В эту тяжелую ночь он снова взял на себя самое тяжелое. Наитяжелейшее! Имел ли я право оставлять его в одиночестве, в безвыходном положении? Но все может быть. Выскочил, спасся, выполз. Не оставлю моего друга и его слов никогда не забуду: «Кому-то нужно брать на себя самое трудное…»
Солнечный луч нагрел мне щеку, сполз по шее на грудь, и я представил себе, что это ласковая материнская рука ласкает меня, хочет укачать, успокоить.
«Мама, мама родненькая моя, слышишь своего сына? Скоро я буду дома… Только как ты узнала про мою беду? И почему, падая, я вспомнил про тебя? Почему умоляюще крикнул, чтобы ты спасла меня?..»
Моя мама была акушеркой в родильном доме, принимала детей у рожениц, и эта ее профессия точно наложила отпечаток на весь ее характер, на привычки, даже на манеру говорить, двигаться, обращаться к людям. Деликатность ее всех поражала. Не скажет: «Дайте мне…» — а обязательно сначала извинится: «Извините, дорогой, если вам не трудно, то дайте мне». Не пригласит гостей в дом: «Заходите, заходите!» — а непременно заохает и, прижав к груди, станет извиняться: «Ой, извините, извините меня, что я вас так… Будьте любезны, зайдите в дом…» С детьми была по-матерински ласкова, с отцом — почтительна, всем все готова была простить. С гладко зачесанными темно-русыми волосами, по-девичьи худенькая, какая-то даже тоненькая, как стебелек, она всегда приходила домой в приподнято-веселом настроении, вся будто была еще там, в покоях роддома, где ее руки помогали нарождаться жизни. И на нас, домашних, смотрела так, будто мы все только что появились на свет. Или, может, действительно она приносила из больницы уверенность, что человек не просто живет, а все время будто пребывает в положении рождения, все время видит мир по-новому, все время радуется этому миру? И сама была будто роженица. Отец, возвращаясь с завода, так и говорил ей: «Чего это, Фросенька, такие у тебя солнечные глаза? Видно, сегодня хорошего мальчонку подарила людям». И она от его шуток, от его слов краснела радостно, и нам всем в доме становилось празднично, чисто и торжественно.

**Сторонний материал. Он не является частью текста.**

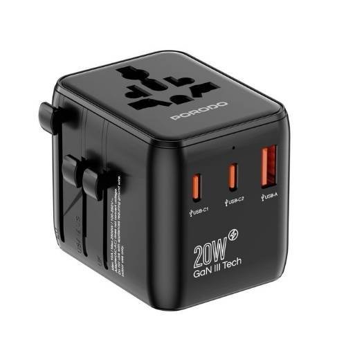 Porodo Universal Travel GaN Quick Charger 20W PD – Fast Charging Wall Adapter with Built-in Safeguards & Compatibility in +200 Countries
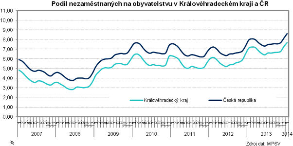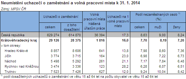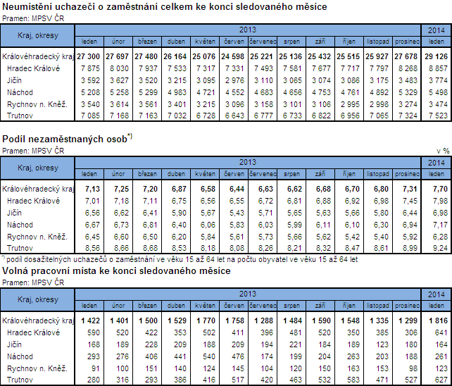 Podíl nezaměstnaných osob ve věku 15 až 64 let na počtu obyvatel stejného věku vzrostl proti prosinci 2013 o 0,39 p.b. na 7,70 %. Podíl nezaměstnaných žen v kraji (7,20 %) byl o 1 procentní bod nižší než u mužů (8,19 %). Průměrný podíl nezaměstnaných v České republice byl oproti našemu kraji vyšší o 0,92 p.b. (celkem 8,63 %; muži 9,00 %, ženy 8,24 %). V porovnání s ostatními regiony byl v Královéhradeckém kraji čtvrtý nejnižší podíl nezaměstnaných po Hl. městě Praha, Plzeňském a Středočeském kraji. Ve třech krajích vyskočila nezaměstnanost do dvouciferných čísel (Ústecký kraj 11,93 %, Moravskoslezský kraj 10,92 % a Olomoucký kraj 10,48 %). Z hlediska okresů Královéhradeckého kraje vykazuje dlouhodobě nejvyšší nezaměstnanost okres Trutnov (9,24 %), mezi 77 okresy v České republice to představuje 30. příčku. Naopak nejnižší nezaměstnanost v kraji se pátý měsíc drží v okrese Rychnov nad Kněžnou (6,28 %) a mezi okresy v celé republice to představuje 9. nejnižší úroveň nezaměstnanosti. Ke konci ledna evidovaly úřady práce celkem 1 816 volných pracovních míst, proti konci roku 2013 jejich počet vzrostl o 517 míst, tj. o 39,8 %. Na jedno volné pracovní místo v kraji připadlo v průměru 16 uchazečů. Mezi okresy byly výrazné rozdíly, zatímco v okrese Trutnov to bylo 12 uchazečů v okrese Rychnov nad Kněžnou připadlo 28,2 uchazečů na jedno volné pracovní místo. Ke konci ledna pobíralo v kraji 8 022 uchazečů o zaměstnání podporu v nezaměstnanosti, tj. 27,5 % z celkového počtu nezaměstnaných. Částečně nezaměstnaný byl každý patnáctý uchazeč (1 890 osob), z nich ženy tvořily více než dvě třetiny (1 270 žen).
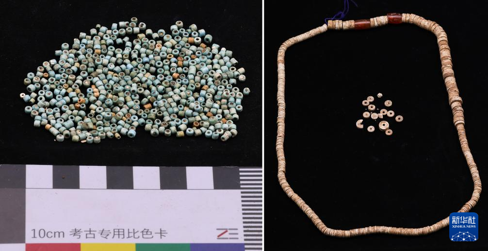 这是玛不错遗址出土的费昂斯珠(左)和带有红玉髓的滑石珠串(拼版照片)。新华社发(西藏自治区文物保护研究所供图)
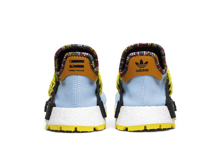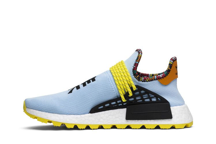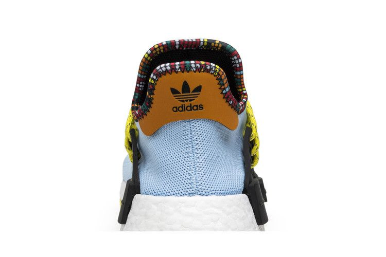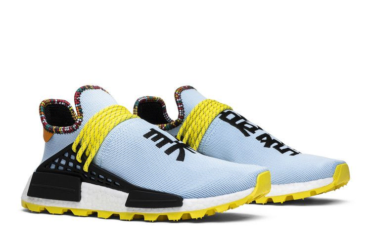 Все четыре пары, вошедшие в комплект Pharrell x NMD Human Race 'Inspiration Pack', отличаются контрастными цветами и минималистичной конструкцией, в которой дышащий верх из материала Primeknit расположен на полноразмерной промежуточной подошве Boost и подошве с высоким коэффициентом сцепления. В данном случае трикотажная конструкция выполнена в сдержанном оттенке Clear Sky и дополнена желтыми шнурками и разноцветным узором вокруг воротника. Черные оттенки присутствуют на литом каркасе шнурков и китайских надписях на заднике.
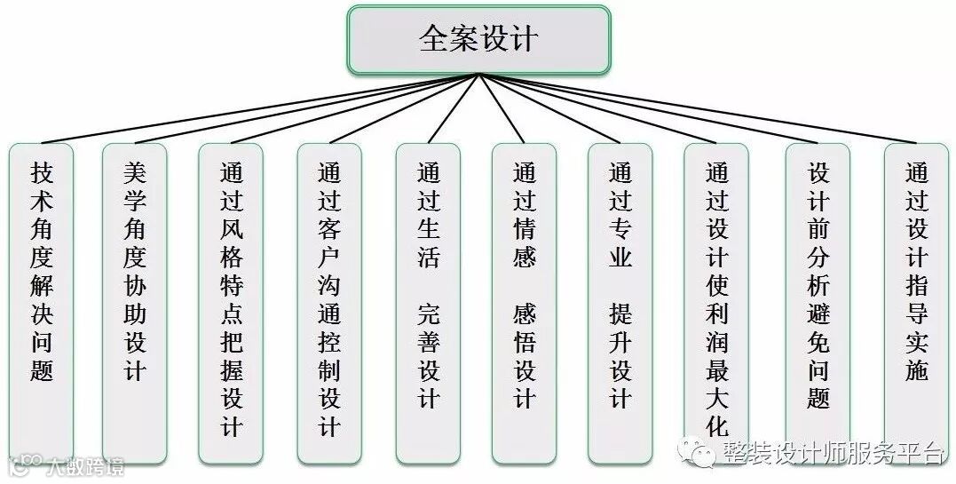 在设计方案前,将与设计方案有关的本厂的技术数据、相关定制产品的技术数据、与所设计的产品相关联的各种电器用品和活动家具等产品的数据,通过多方面分析,并确认其具有可执行性,然后再结合客户情感需求、家庭结构、兴趣爱好、环境特点、客户世界观、生活习惯以及生产数据等等,从而进行完全设计的一种设计方法。
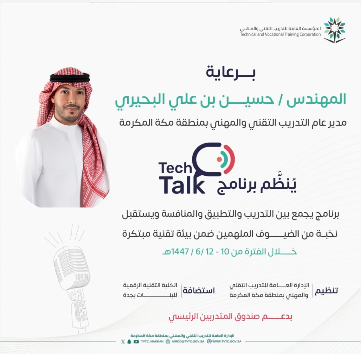 برعاية مدير عام الإدارة العامة للتدريب التقني والمهني بمنطقة مكة المكرمة المهندس حسين بن علي البحيري، وبدعم من صندوق المتدربين الرئيسي، انطلقت صباح اليوم فعاليات “تحدي Tech Talk” الذي تستضيفه الكلية التقنية الرقمية للبنات بجدة خلال الفترة من 1 إلى 3 ديسمبر 2025.
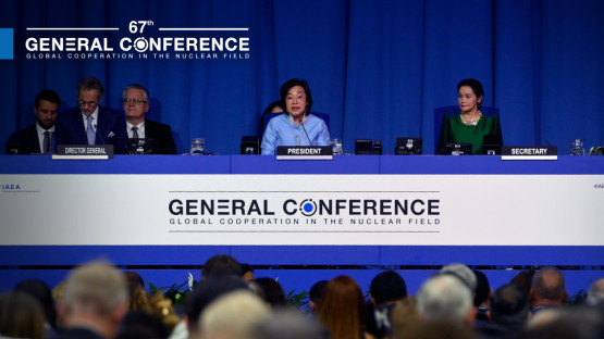La 67e Conférence générale annuelle de l’AIEA a adopté des résolutions relatives à la sûreté nucléaire et radiologique, à la sécurité nucléaire, et au renforcement de l’efficacité et à l’amélioration de l’efficience des garanties de l’Agence. Parmi les autres résolutions qui ont été adoptées figurent celles sur le renforcement des activités de coopération technique de l’AIEA, ainsi que sur les activités liées à la science, à la technologie et aux applications nucléaires.
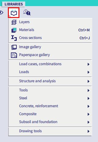 The Libraries menu is important and extensive because it contains the links to all libraries that are linked to SCIA Engineer. When working in a project, then the required library items are always copied to and saved with that project.
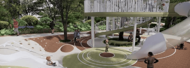 项目将岛屿、雨林、礁石、沙滩、椰风五重海景元素赋予场地景观,规划围合式超大央景花园、超 500㎡阳光泳池、全龄架空层,营造社区活力生活场景。
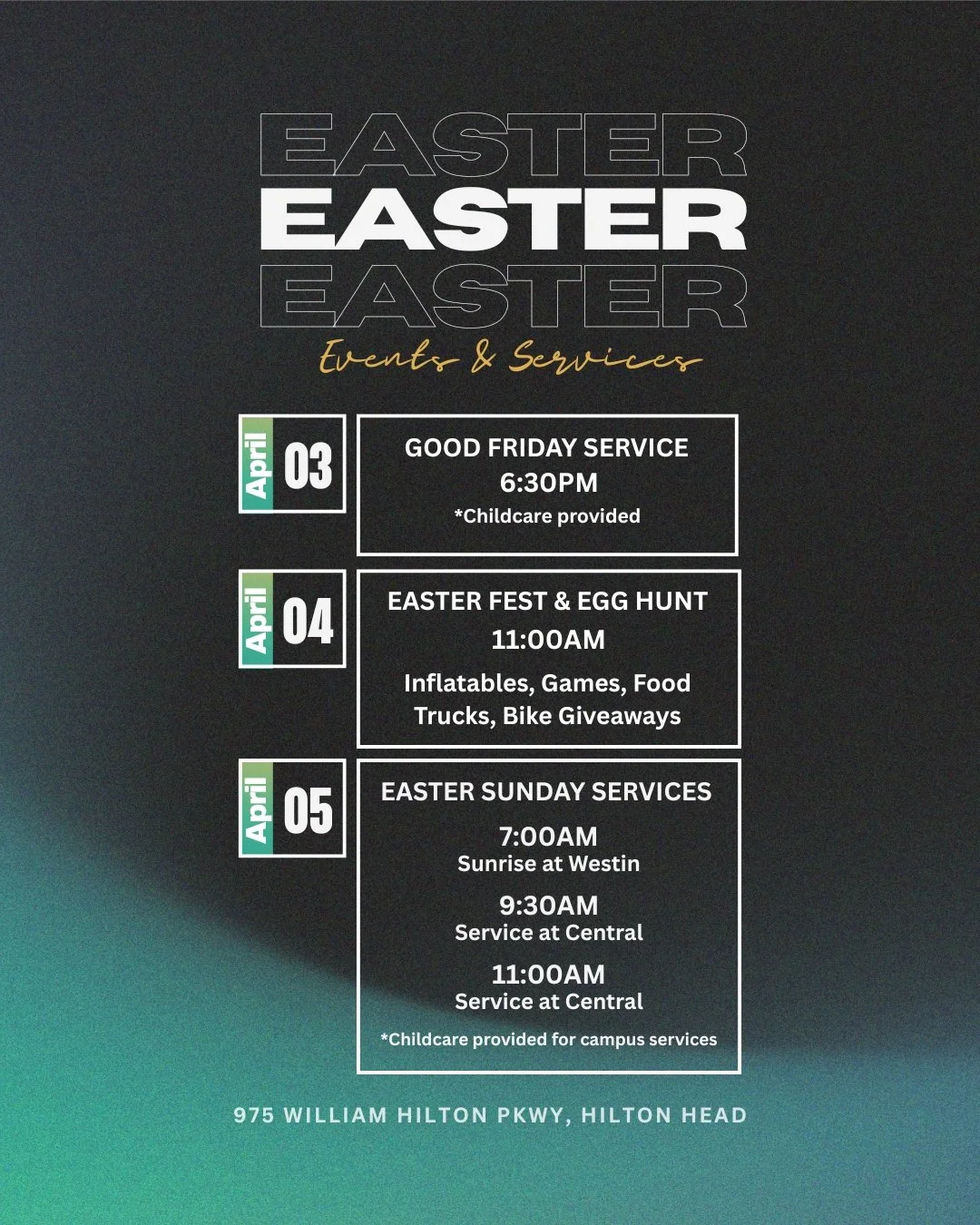 Inflatables, games, food trucks, and bike giveaways!Easter Sunday Services
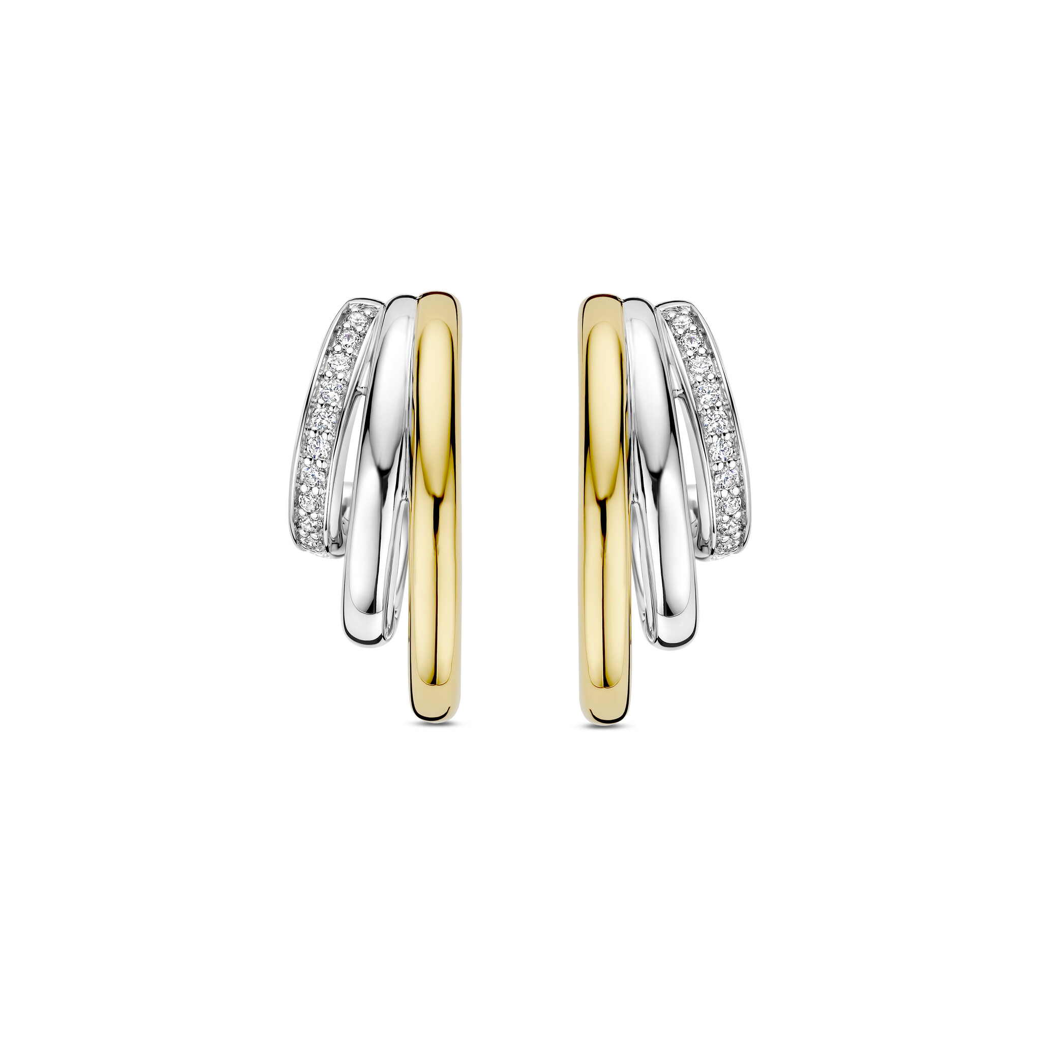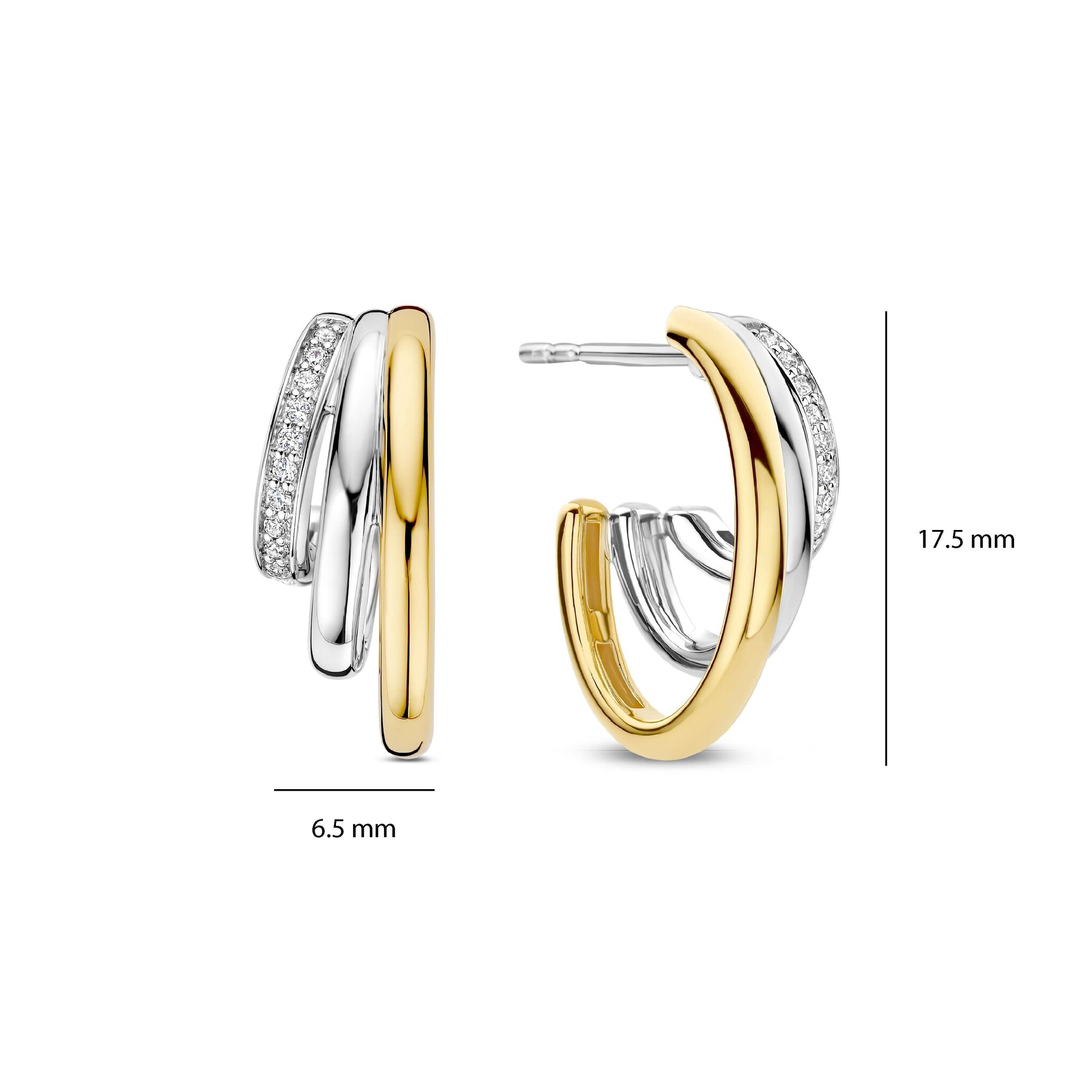 TI SENTO MILANO 78068ZY Zilver vergulde halfronde oorstekers, 3-baans aflopend met verguld en zirconia's
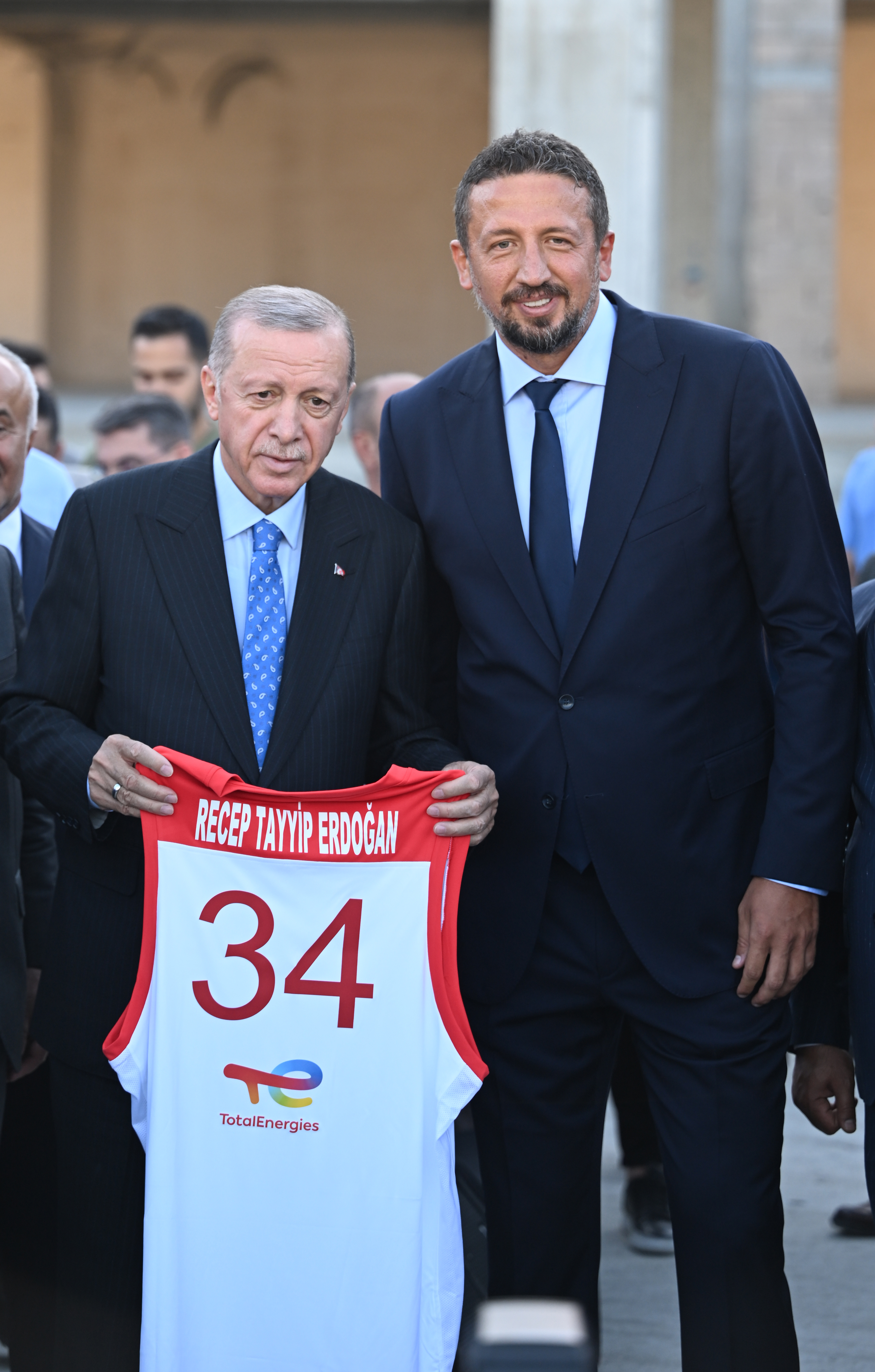 Cumhurbaşkanı Erdoğan, açıklamalarının ardından gazetecilere basketbol topu hediye etti.
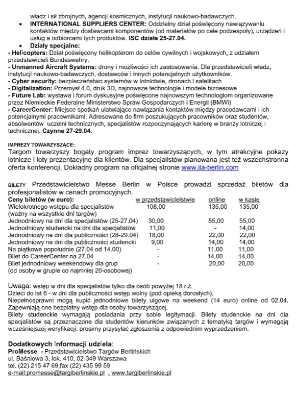 Informacje na temat możliwości zakupu biletów na ILA 2018 przez firmę ProMessa - Przedstawicielstwo Targów Berlińskich.
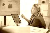 Business woman team leader explian declare insight data, powered by AI meeting assistants that streamline collaboration, automate action item creation, and deliver real-time meeting insights

Я увидел ее. Настоящую, нежную мою мать. Зашла в курень, и за ней вошел дух чистоты, выстиранных пеленок, материнского молока, дух продолжения жизни. И то, что ее сын так спокойно, так расслабленно лежит на душистом сене, в затишке, лежит, охваченный дремотой, проняло ее, материнскую, душу, щемящим чувством любви, гордости, и она до такой степени почувствовала себя матерью мужественного, в летной форме человека, что ей сразу захотелось показать его всем людям, похвастаться перед всем миром, перед всеми воинами, перед всеми насилиями, убийствами, пылающими самолетами, грохочущими танками, ревущими пушками, запыленными колоннами вражеских войск, перед дотами, бункерами, бомбами, что она сильнее их, их злодейства, что она — Мать и может своей нежностью и своей способностью рождать выйти на поединок с наичернейшей кривдой и наилютейшим злом.
«Вставай, сын, — сказала мать, мягко трогая меня за плечо. — Я пришла к тебе. Тысячи километров я преодолела, шагая неизвестными землями, переплывая через реки, перелетая в поднебесье… Идем, сынок. Вставай, говорю тебе. Идем!..»
Она тормошила меня все сильнее, ее пальцы неожиданно стали хваткими. И я вдруг почувствовал, что это не пальцы моей матери. Меня охватил панический ужас. Я открыл глаза и увидел перед собой… немца. Фашиста! Высокого, в блестящих сапогах, в тугих ремнях.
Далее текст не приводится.